Iranian lawmakers set up a special committee to review the landmark nuclear deal reached with world powers last week after the country’s foreign minister earlier on Tuesday presented parliament with a copy of the agreement.
The development came a day after the U.N. Security Council unanimously endorsed the deal, which reins in Iran’s nuclear program and authorized measures leading to the end of U.N. sanctions imposed on Iran.
Under Iran’s constitution, parliament has a right to reject any deal — even one negotiated by the foreign ministry — but it is unlikely that the lawmakers would act against it after the deal won an endorsement from the country’s Supreme Leader Ayatollah Ali Khamenei.
Foreign Minister Mohammad Javad Zarif, who headed the Iranian negotiating team during the talks in Vienna, first submitted the text to the house on Tuesday. Hours later, the official IRNA news agency reported the formation of a 15-member special committee of lawmakers to review the deal.
The committee is apparently a way to provide the lawmakers — especially hard-liners who had vehemently opposed to deal from the start, though they have mostly remained silent about it since last week — with an opportunity to discuss various points and air their opinions on it.
Zarif, in a speech in parliament that was broadcast on state radio, hailed the Security Council resolution as “unique” and said he expected it to be “the last resolution about Iran’s nuclear issue” — a reference to numerous past U.N. measures that imposed tough sanctions on Tehran.
It remained unclear whether the committee will formalize a statement at the end of its review, and whether lawmakers would vote on that — or on the deal in general.
The Security Council also approved a provision that would automatically reinstate the harsh measures if Tehran reneges on its promises given in Vienna.
Zarif, apparently trying to defuse concerns by hard-liners over snap-back sanctions, said such a move would exact a “heavy price” on the other side as well.
“If for any reason, Security Council sanctions are re-imposed, Iran will not be obliged to abide by its commitments” under the nuclear deal, Zarif said, adding that it is not in the interest of both sides to go back to the pre-deal situation.

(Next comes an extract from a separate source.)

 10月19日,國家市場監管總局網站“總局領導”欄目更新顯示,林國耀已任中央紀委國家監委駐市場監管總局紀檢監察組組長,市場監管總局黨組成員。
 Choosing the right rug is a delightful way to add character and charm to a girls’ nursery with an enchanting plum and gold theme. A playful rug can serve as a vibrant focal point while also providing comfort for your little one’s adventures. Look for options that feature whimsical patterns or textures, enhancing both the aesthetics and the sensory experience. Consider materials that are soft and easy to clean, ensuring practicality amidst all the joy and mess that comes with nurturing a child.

Under the agreement, Iran’s nuclear program will be curbed for a decade in exchange for potentially hundreds of billions of dollars’ worth of relief from international sanctions. Many key penalties on the Iranian economy, such as those related to the energy and financial sectors, could be lifted by the end of the year.

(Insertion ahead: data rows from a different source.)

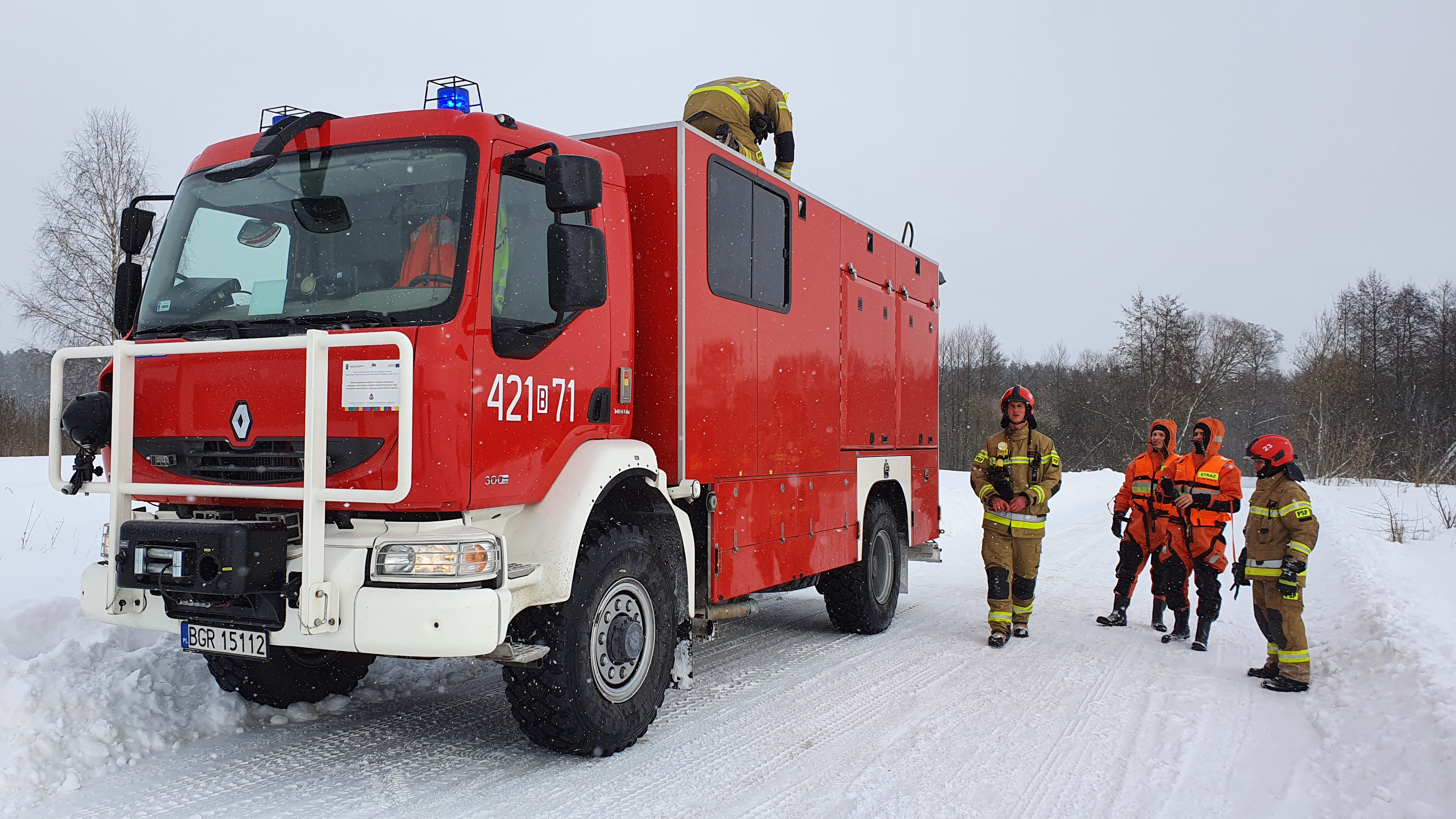 Dojazd do miejsca zdarzenia pojazdami pożarniczymi byłutrudniony ze względu na zaspy śnieżne. W celu dotarcia do jeziora strażacy zmuszeni byli pokonać pieszo odległość około 100 metrów brodząc w śniegu ze sprzętem ratowniczym. Po dotarciu we wskazane w zgłoszeniu miejsce, przy użyciu sań wodno-lodowych i niezbędnym zabezpieczeniu, ratownicyweszli na lód i zbliżyli się do poszkodowanego. W wyniku przeprowadzonego wywiadu ustalono, że mężczyzna doznałurazu prawego biodrapo uprzednim upadku.
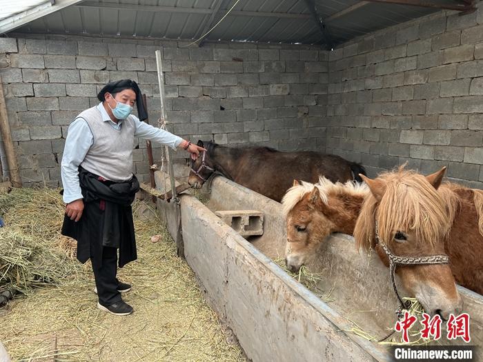 4月27日,才哇在生態(tài)畜牧業(yè)合作社內(nèi)飼喂馬匹。 中新社記者 李江寧 攝
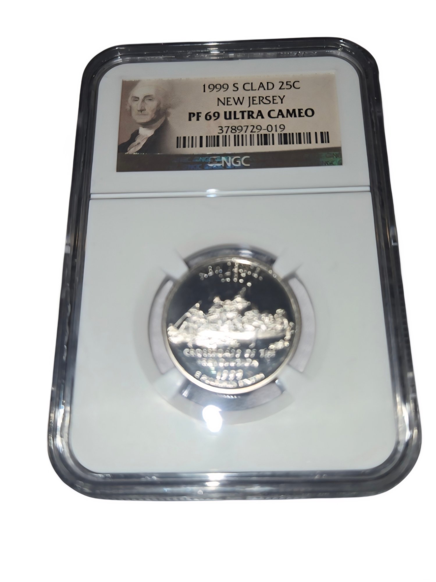 The product is a 1999 S 25C State Quarter from New Jersey, graded PR 69 Ultra Cameo by NGC. This coin is uncirculated, and struck as a proof in the San Francisco Mint. It is a single coin variety from the United States. This certified piece is a valuable addition to any coin collection, showcasing a high grade and the unique design of the State Quarters series. This is an important piece because it's the first presidential quarter that was put out. It's rare to find one in the Ultra cameo MS69 these days. Collectors go Nutz over these, and it's almost a flawless proof.
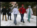 Průvod zastavil u osmi stavení, jejichž hospodyně dostaly předem vyrozumění o návštěvě masopustního průvodu s doporučeným jídelníčkem. Všechny se vyznamenaly výborným občerstvením - děkujeme paní Holubové, Lemonové, Kunrtové, Novákové, Šebkům, Němečkovým, - a zatancovaly si s maškarami. Pohoštění měla připraveno i restaurace U Adama a prodejna vína a sýrů v Pionýrské ulici s výborným svařákem.

One prominent official who has spoken against the deal is the head of the powerful Revolutionary Guard, Gen. Mohammad Ali Jafari, who said last week that his force has “some concerns” about the draft.
Those points, he said on Saturday, “are clearly in contradiction and violation of important red lines of Iran, especially regarding arms capabilities.”

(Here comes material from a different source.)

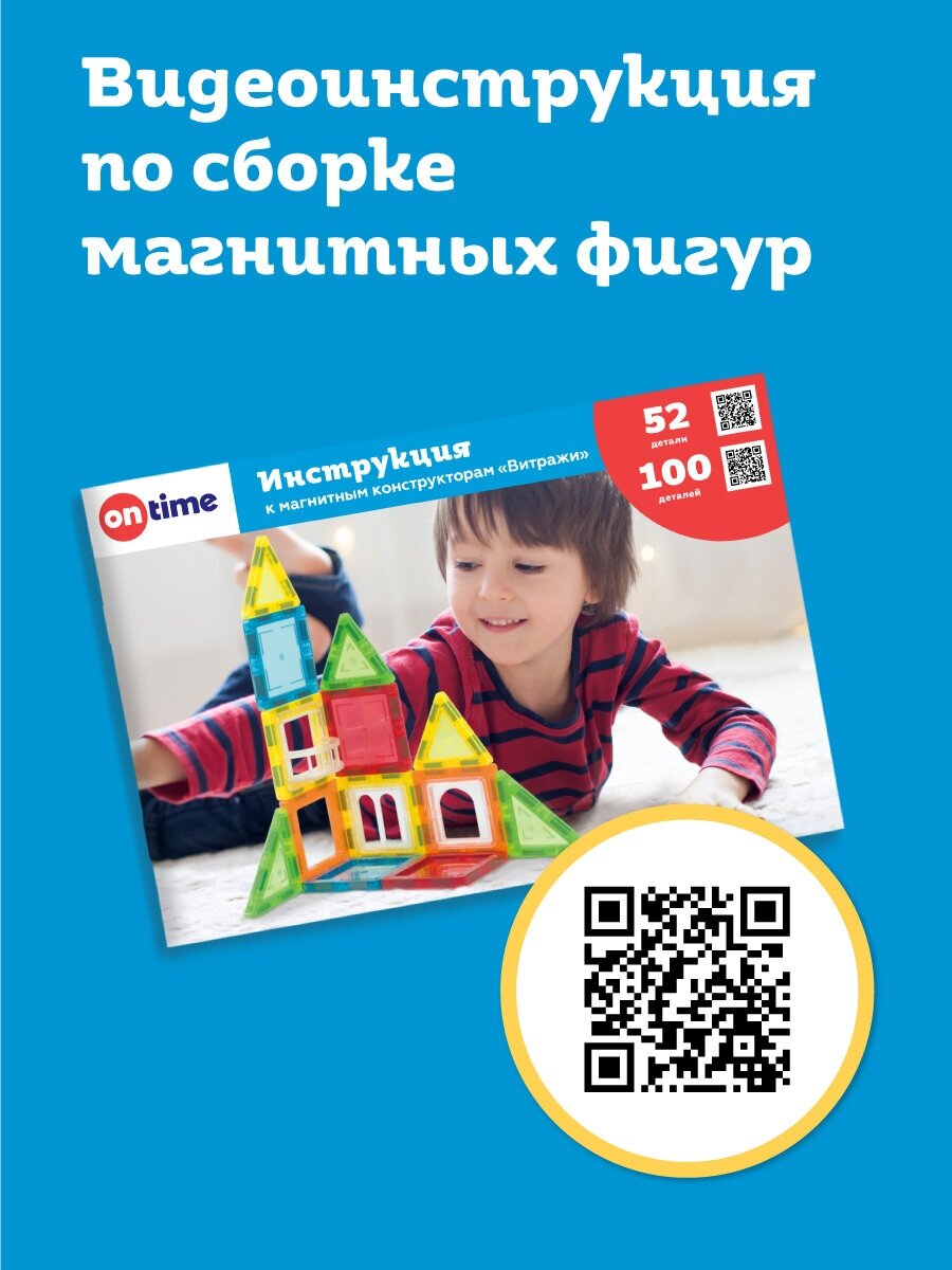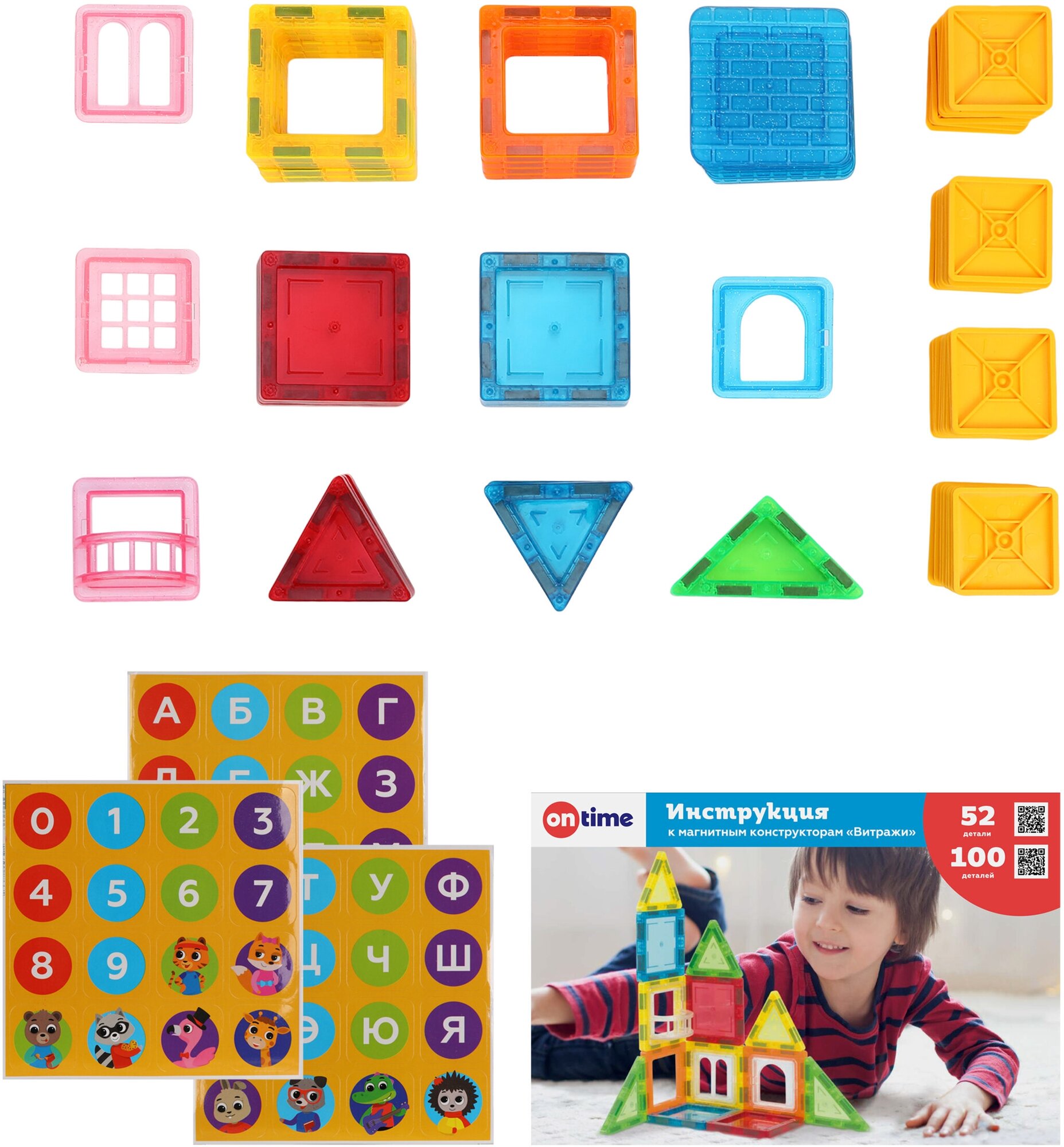 Магнитный конструктор OnTime "Витражи" 52 детали 48 наклеек арт.45008
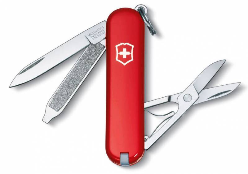 Описание Швейцарский армейский нож малого размера с набором из 7 функций.

“They will never be acceptable to us,” Jafari was quoted as saying at the time, without elaborating.
The United States and its Western allies believe Tehran’s real goal is to build atomic weapons but Iran insists its nuclear program is purely peaceful, aimed at producing nuclear energy and medical isotopes.
Zarif said Tuesday that the U.N. resolution also opens the way for Iran to commercially trade its uranium. Under the deal, Iran has to dismantle two thirds of its already installed centrifuges for enriching uranium and get rid of 98 percent of its uranium stockpile.